W poniedziałek Rosyjski Korpus Ochotniczy i Legion Wolność Rosji oświadczyły, że przekroczyły granicę i „wyzwalają” spod panowania władz rosyjskich miejscowości przygraniczne. Ukraiński wywiad wojskowy (HUR) oświadczył, że grupy te „prowadzą operację w rosyjskim obwodzie biełgorodzkim”, co jest „konsekwencją agresywnej polityki reżimu Putina i inwazji wojsk rosyjskich na terytorium Ukrainy”.
Władze ukraińskie zapewniły w poniedziałek, że nie są zaangażowane w zajścia w obwodzie biełgorodzkim i podkreśliły, że uczestnicy tych zajść to obywatele Rosji.
Radio Swoboda poinformowało we wtorek, że w ciągu minionej nocy rosyjskie siły bezpieczeństwa „nie zdołały sobie poradzić z grupą dywersyjną w obwodzie biełgorodzkim”. W ten sposób rozgłośnia zinterpretowała słowa szefa obwodu biełgorodzkiego Wiaczesława Gładkowa, który poinformował we wtorek rano, że trwa operacja służb, a mieszkańcy nie powinni na razie wracać do domów. Gładkow powiedział, że ewakuowano mieszkańców z dziewięciu miejscowości.
Rosyjski niezależny portal Meduza podał, że od poniedziałku w obwodzie biełgorodzkim obowiązywał „stan operacji antyterrorystycznej”, który jednak został zniesiony we wtorek po południu.

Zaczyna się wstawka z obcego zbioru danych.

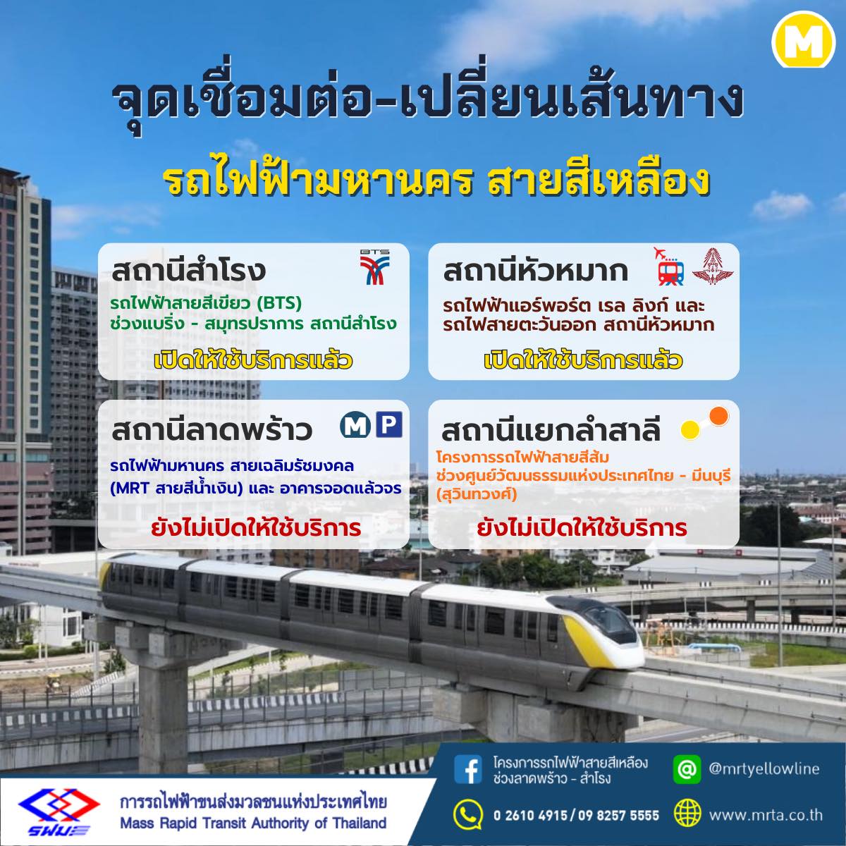 การรถไฟฟ้าขนส่งมวลชนแห่งประเทศไทย เปิดเผยผู้ใช้บริการ สอบถามเรื่องจุดเชื่อมต่อเข้ามาเป็นจำนวนมาก จึงขอแนะนำโครงการรถไฟฟ้าสายสีเหลือง มีจุดเชื่อมต่อทั้งหมด 4 จุด ซึ่งมีสถานีจุดเชื่อมต่อ 2 สถานีที่เปิดใช้บริการแล้ว ได้แก่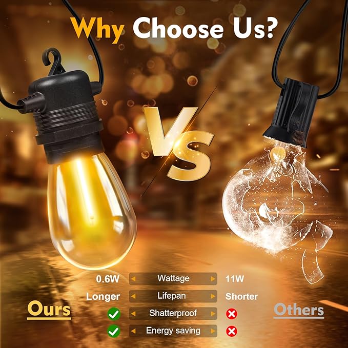 - 【Weatherproof String Lights for Outside】Rain or shine, our S14 string light bulbs shine bright, resilient against rain, wind, and extreme temperatures. Featuring shatterproof bulbs and stable construction, safety is paramount—no more worries about broken glass shards!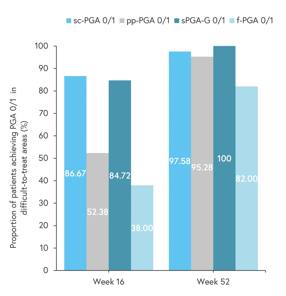 Figure 1. Proportion of patients achieving PGA 0/1 in the scalp, palms/soles, genitalia, and nails*

18:46 Służby bezpieczeństwa zlikwidowały firmę dostarczającą Rosjanom komponenty do produkcji okrętów podwodnych
W graniczącym z Polską obwodzie wołyńskim wykryto i zlikwidowano grupę przestępczą, która wysyłała do Rosji komponenty służące do produkcji okrętów podwodnych – poinformowała we wtorek Służba Bezpieczeństwa Ukrainy (SBU) na swojej stronie internetowej.
Nielegalny proceder organizował dyrektor działającego na Wołyniu przedsiębiorstwa zajmującego się produkcją zaawansowanych technologicznie części do mechanizmów oporowo-zwrotnych. Takie mechanizmy są wykorzystywane przy produkcji ciężkiego sprzętu, w tym okrętów podwodnych. W swoim powiadomieniu SBU nie podała ani nazwy firmy, ani jej lokalizacji.
W celu zacierania śladów eksportu części do Rosji grupa przestępcza wykorzystywała spółkę założoną w jednym z krajów Europy Zachodniej. Kupowała ona od ukraińskiego przedsiębiorstwa jego produkty (rzekomo na własne potrzeby), a potem transportowała je do miejsca właściwego przeznaczenia w Rosji. Jak się okazało, szef spółki współpracował z władzami separatystycznych samozwańczych republik, Donieckiej i Ługańskiej – podała SBU.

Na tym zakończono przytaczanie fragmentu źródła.